À Göbekli Tepe, dans le sud-est de la Turquie, les archéologues ont récemment mis au jour une statue humaine datant de plus de 12 000 ans, insérée dans un mur de pierre. Cette trouvaille, révélée par le ministre turc de la Culture et du Tourisme Mehmet Nuri Ersoy, s’inscrit dans un vaste programme de recherche mobilisant des dizaines d’équipes scientifiques.
Le site de Göbekli Tepe est considéré comme le plus ancien complexe rituel monumental connu à ce jour. Situé à une quinzaine de kilomètres de Şanlıurfa, ce sanctuaire vieux d’environ 9600 av. J.-C. intrigue les chercheurs pour ses structures circulaires et ses piliers massifs. L’absence d’habitations permanentes y renforce l’idée d’un espace exclusivement cérémoniel.
La statue a été découverte lors d’une opération de fouille dirigée par le professeur Necmi Karul de l’Université d’Istanbul. Elle se trouvait encastrée horizontalement dans une cavité murale, ce qui laisse penser à une action délibérée. D’après Necmi Karul, la position de la sculpture indiquerait un geste rituel, peut-être lié à une offrande.
Cette statue se distingue par sa forme humaine complète, une rareté sur le site où la plupart des représentations sculptées sont animales, comme des serpents ou des vautours. L’apparition d’une figure anthropomorphe intégrée à l’architecture marque un tournant dans l’iconographie de Göbekli Tepe.
Le projet Taş Tepeler, qui encadre cette découverte, regroupe 36 institutions et plus de 220 chercheurs travaillant sur dix sites néolithiques de la région anatolienne. Les méthodes allient relevés géomagnétiques, études stratigraphiques et documentation photographique afin d’analyser chaque détail dans le respect des protocoles de conservation.
La publication complète des résultats demeure en attente, puisque les études de conservation et de nettoyage sont encore en cours. Les responsables du chantier ont suspendu la diffusion des images précises pour préserver l’intégrité de l’objet. Le ministère de la Culture et du Tourisme veille également à la bonne conduite des opérations.

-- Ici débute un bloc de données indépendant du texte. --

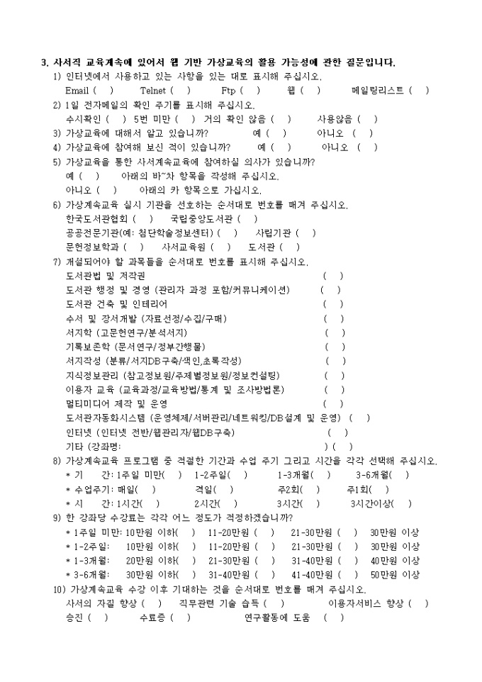 웹기반의 사서직 가상 계속교육프로그램에 관한 설문 조사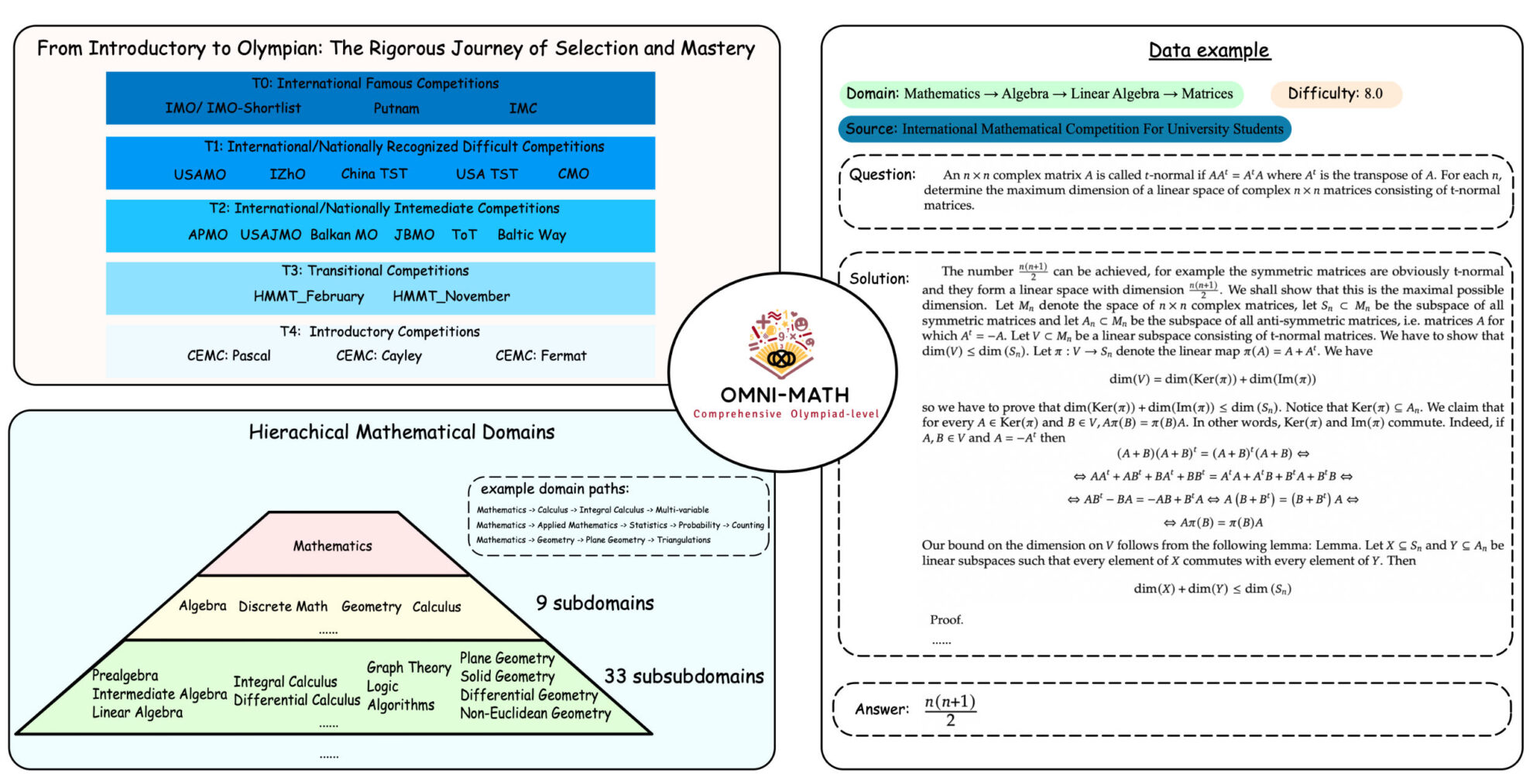Omni-MATH is an Olympic-level mathematical reasoning benchmark dataset created by Peking University and Alibaba, which aims to evaluate the performance of large language models (LLMs) on Olympic-level mathematical problems.Omni-MATH: A Universal Olympiad Level Mathematic Benchmark For Large Language Models".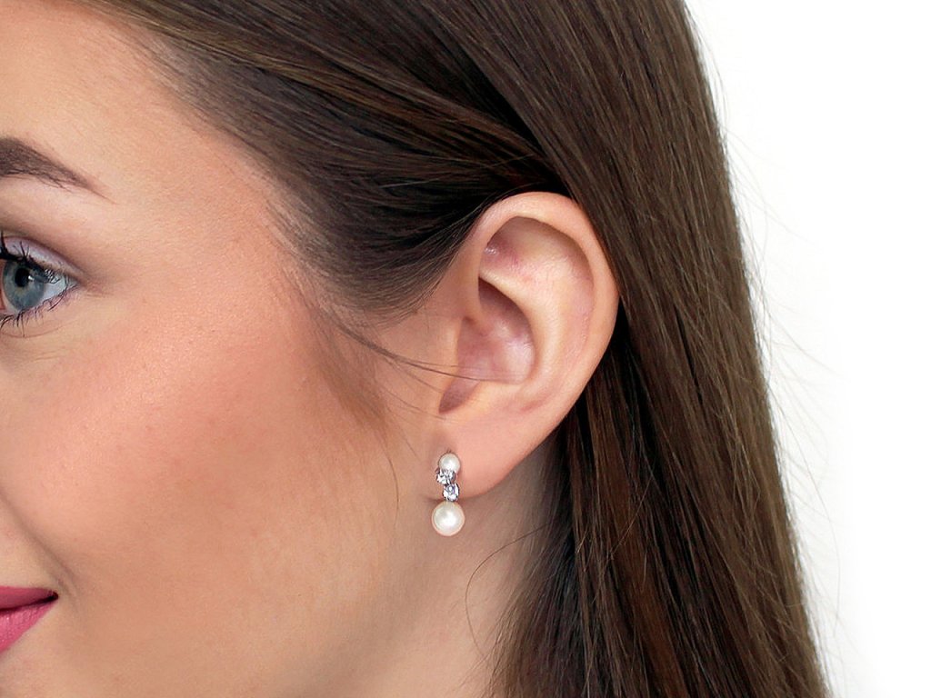 Náušnice z nerezové oceli jsou ozdobené broušenými kamínky a perlami. Jejich velikost je decentní, ale působí luxusním dojmem.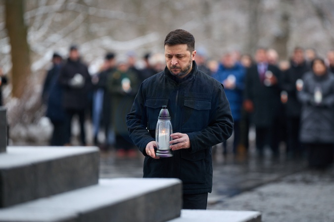 Ukraine's President Volodymyr Zelenskyy pays respects to Holocaust victims at a ceremony in Kyiv, Credit:Office of the President of Ukraine / Avalon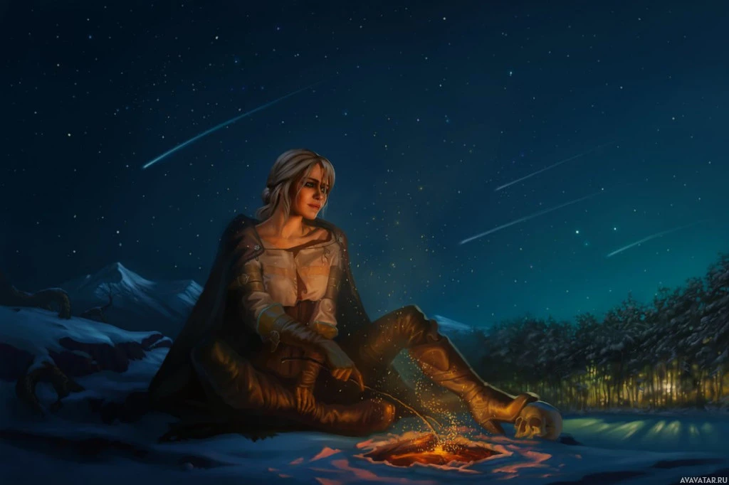 На картинке изображен персонаж по имени Чири из видеоигры «Ведьмак 3: Дикая Охота». Она сидит у костра, на фоне заснеженных гор и звезд в ночном небе. Сцена передает чувство одиночества или созерцания.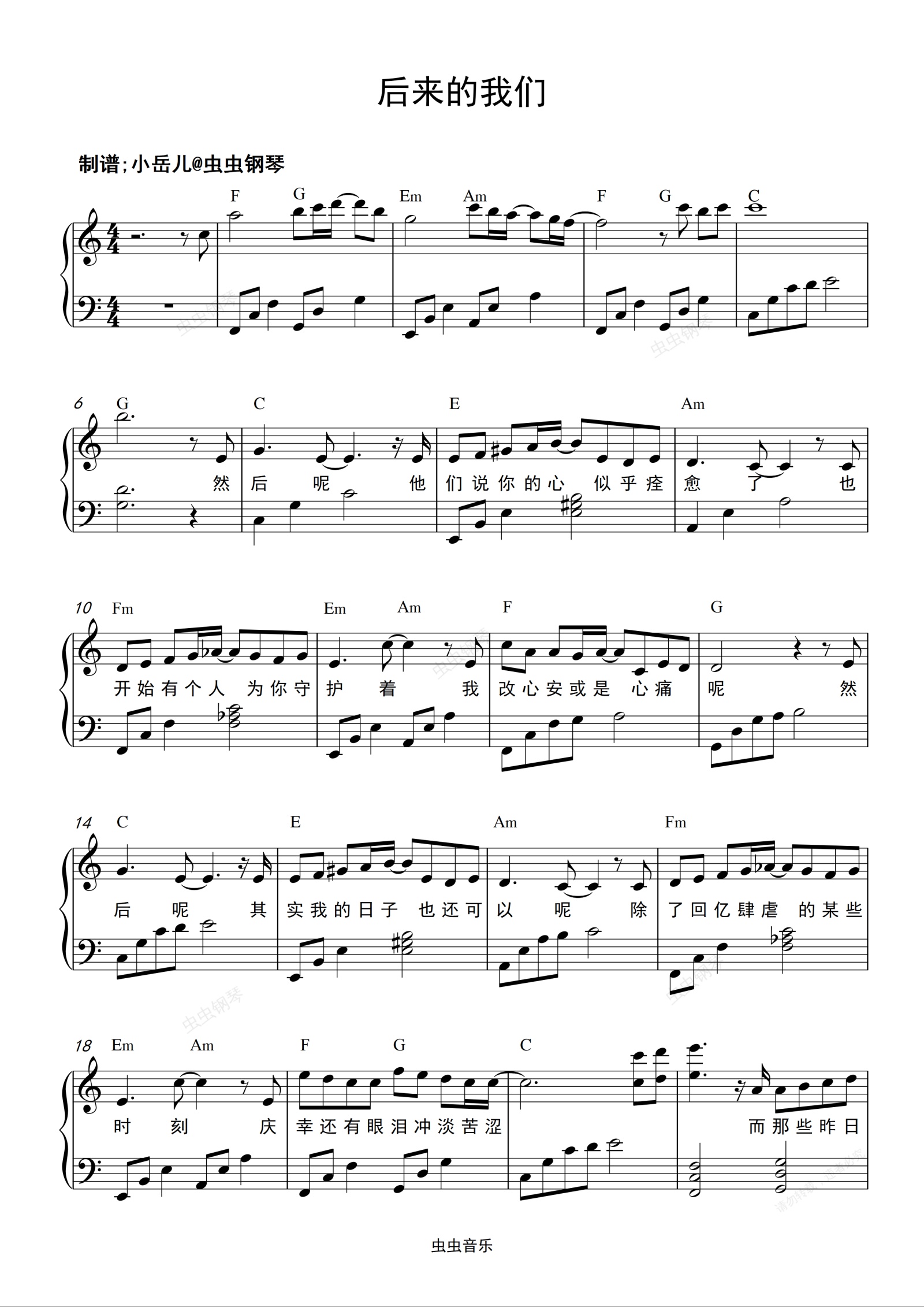 钢琴谱:后来的我们 (歌词+和弦)C调简易版  五月天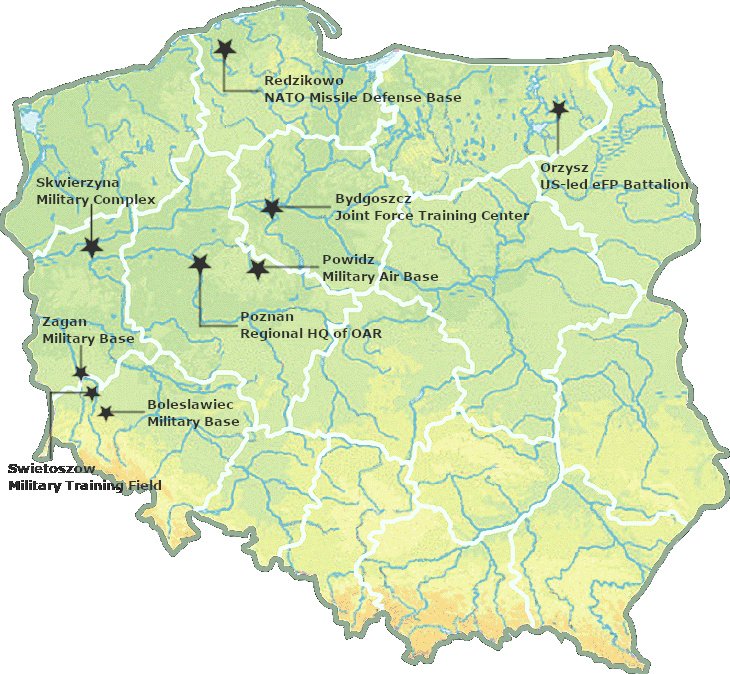 The United States already has a robust presence throughout Poland, to include along the eastern border where the United States is responsible for the eFP battlegroup deployed in Orzysz. It totals over 1,100 soldiers, of which 795 are American (with one Stryker Squadron, with towed artillery, Mobile Gun System, and Anti-Tank Guided Missile platoons). Taken with the heavy armored Brigade Combat Teams (BCT) deployed for heel-to-toe nine-month rotations, under the framework of Operation Atlantic Resolve, there are about 4,000 U.S. troops deployed throughout Central Europe. Other U.S. military personnel are also present in Poland, on a permanent or rotational basis in various structures (see map).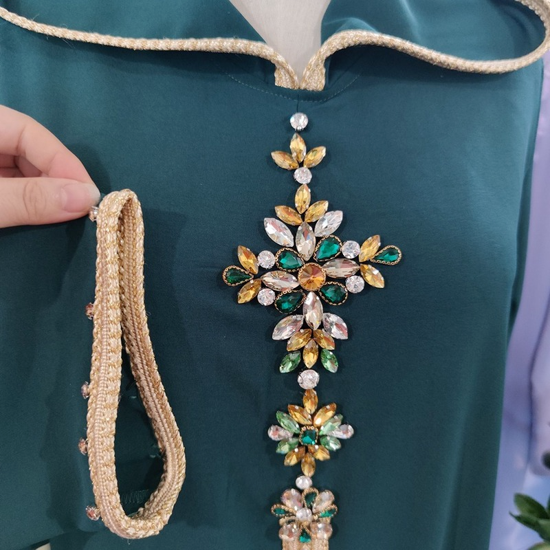 Дубай абайя джеллаба марокканский кафтан для женщин Алмазная коса отделка с длинным рукавом мусульманский хиджаб Maxi платье халат Арабский исламский одежда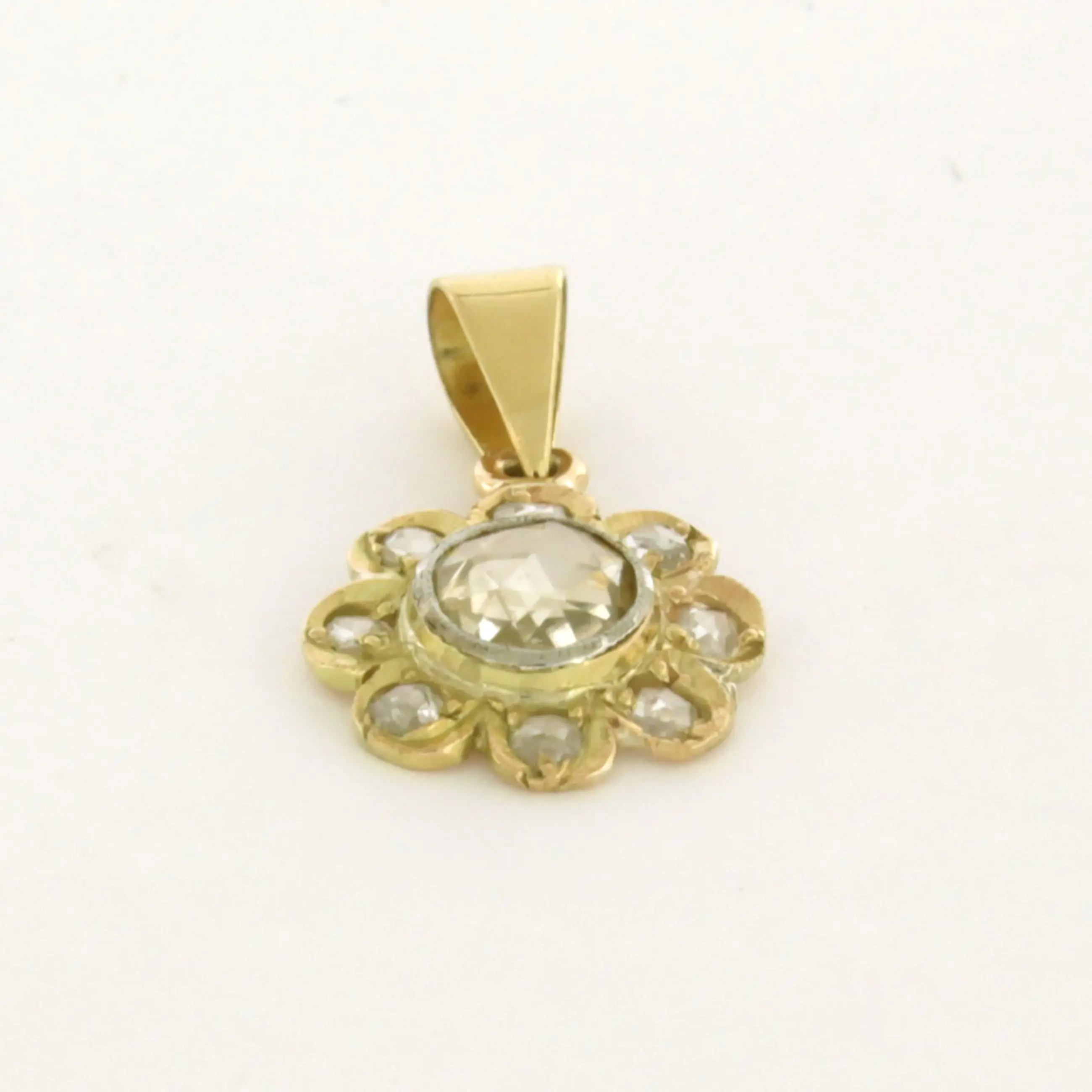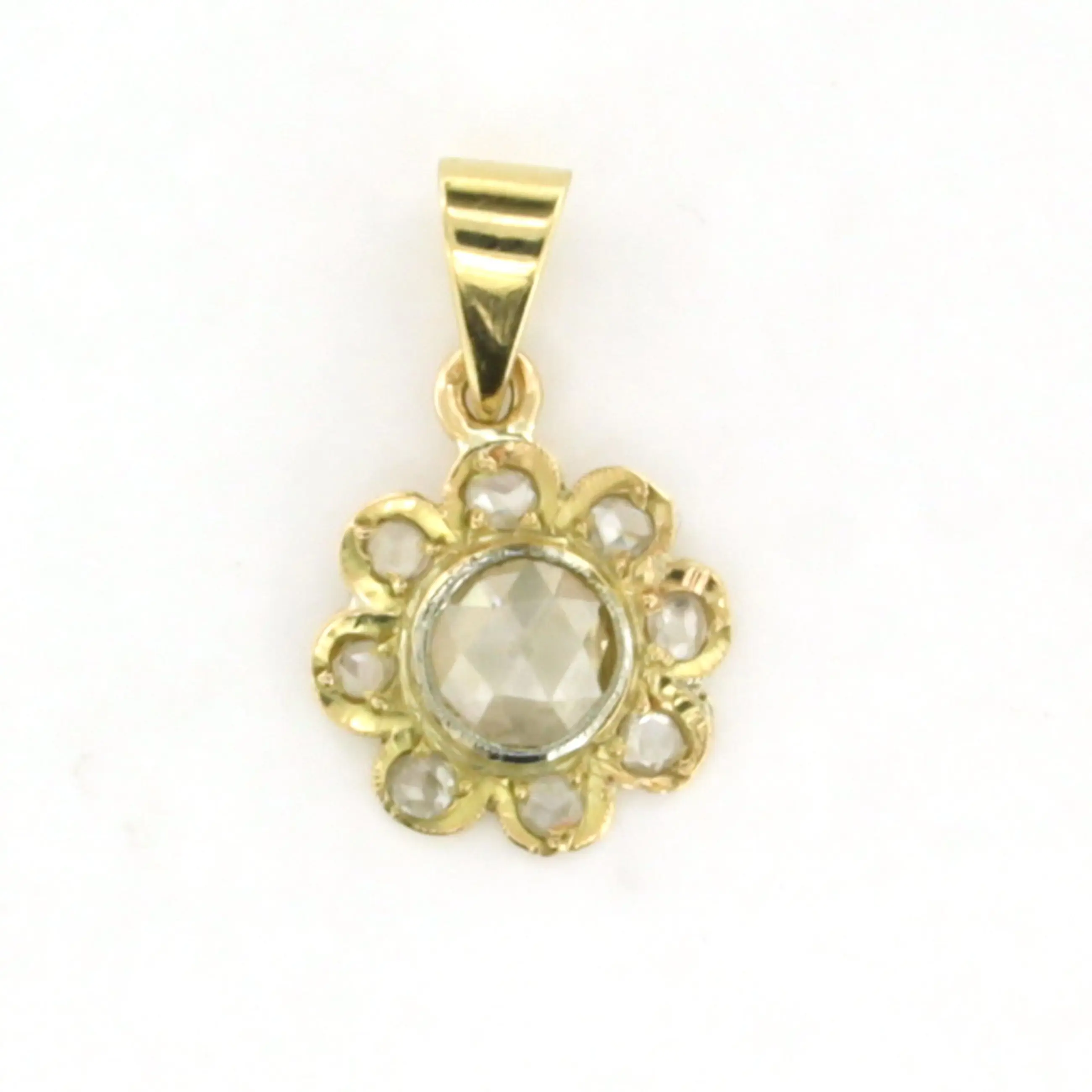 14k geelgouden hanger bezet met roos geslepen diamanten totaal 0.50 ct F/G SI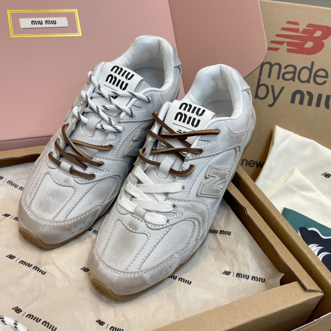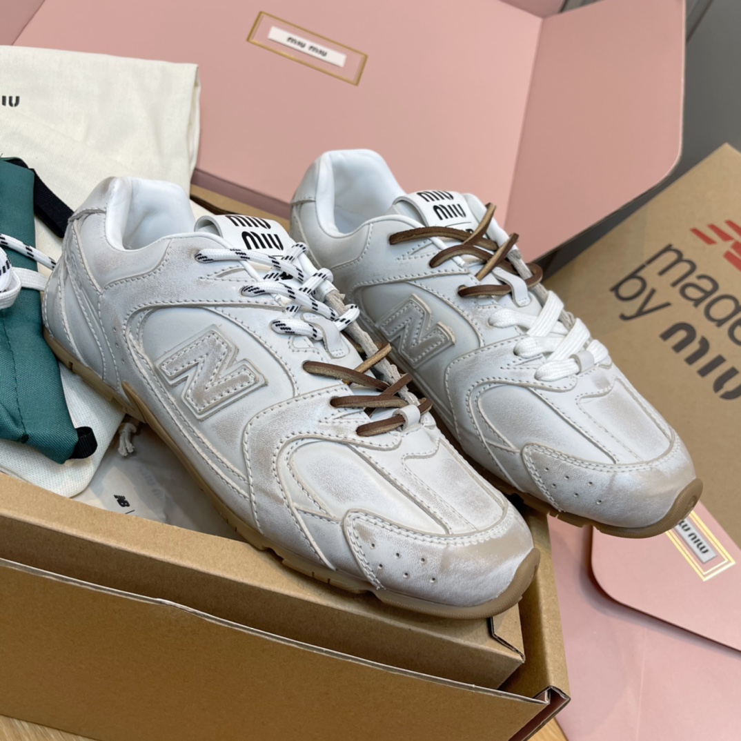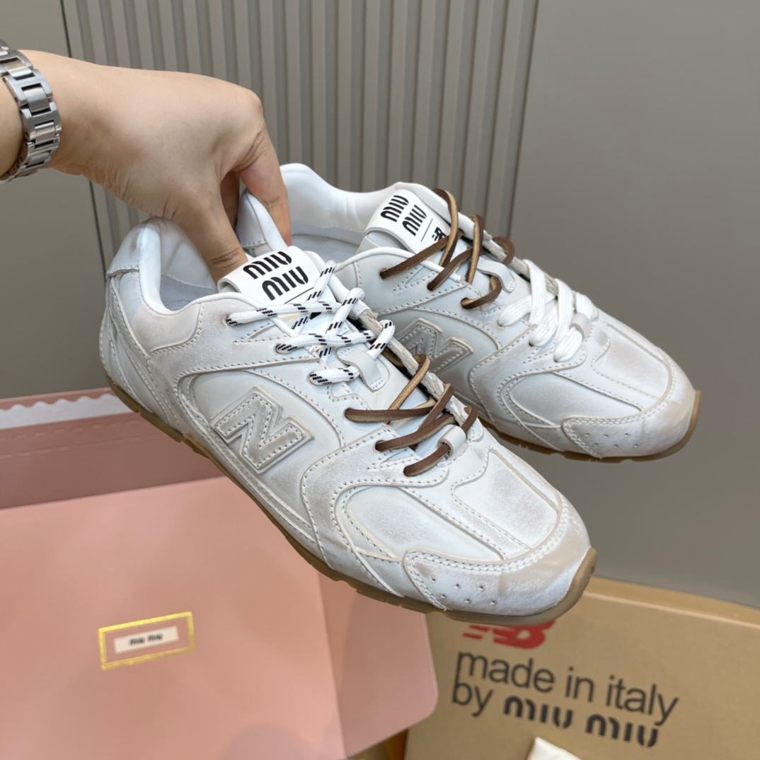 New Balance X Miu Miu 530 SL 牛皮擦色皮革运动鞋 Miu Miu携手New Balance打造特别款运动鞋。Miu Miu革新鞋履构型,塑就轻盈质感,亦玩味对比色彩与纹理,呈现别致鞋带设计。 徽标装饰平添标志性元素。 鞋面配擦色皮革嵌饰 织物衬里 鞋舌和内底饰丝网印刷徽标 扁平鞋带开合 橡胶鞋底,几何鞋底花纹 可拆卸织物包覆内底 size:35~40
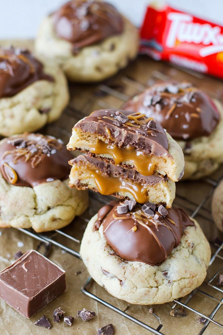 Cookies com pedaços de Twix congelados incorporados na massa, cobertos por uma camada generosa de caramelo caseiro feito com leite condensado e uma finalização crocante de chocolate meio amargo com pitada de flor de sal. Massa enriquecida com farinha de trigo integral para textura mais firme e sabor rústico. Sugestões de substituição incluem manteiga sem sal e trocas dos pedaços de Twix por outras barras crocantes. Tempo de forno ajustado para observação da cor e firmeza das bordas. Receita indicada para quem gosta de experimentar camadas de textura e sabor em cookies grandes e macios, mas que não desgrudem.

L’intégration de la sculpture dans le mur suggère une forte dimension symbolique et un usage rituel précis, donnant de nouvelles pistes sur l’organisation des sociétés néolithiques avant l’avènement de l’agriculture. « Ce vestige de Göbekli Tepe est une étape importante dans la compréhension du symbolisme et des rituels du Néolithique », a souligné Mehmet Nuri Ersoy, ministre turc de la Culture.
La datation de la statue correspond à la période dite du Néolithique précéramique A, entre 9600 et 8800 av. J.-C., époque où les communautés étaient sédentaires mais pas encore agricultrices. L’examen détaillé de ses traits aidera à mieux cerner la place de la représentation humaine dans l’imaginaire des sociétés préhistoriques.
L’architecture de Göbekli Tepe, avec ses piliers en forme de T atteignant parfois six mètres de hauteur, témoigne d’une maîtrise technique étonnante pour cette période reculée. La présence de cette statue renforce l’idée que le site servait avant tout de centre rituel, où chaque élément architectural participait d’un système symbolique complexe.
La restauration récente de certaines structures, notamment la Structure C, s’est accompagnée de techniques fidèles à celles de l’époque néolithique, comme l’usage de mortier à base de poils de chèvre. Ces travaux visent à préparer de futures fouilles et à préserver l’intégrité du site pour les générations à venir.
Depuis la reprise intensive des fouilles dans les années 1990, Göbekli Tepe invite à repenser l’histoire des débuts de la civilisation. Les données récoltées tendent à montrer que les pratiques rituelles collectives auraient précédé, voire favorisé, l’émergence de l’agriculture et de la sédentarisation, remettant en question les modèles traditionnels sur l’évolution sociale humaine.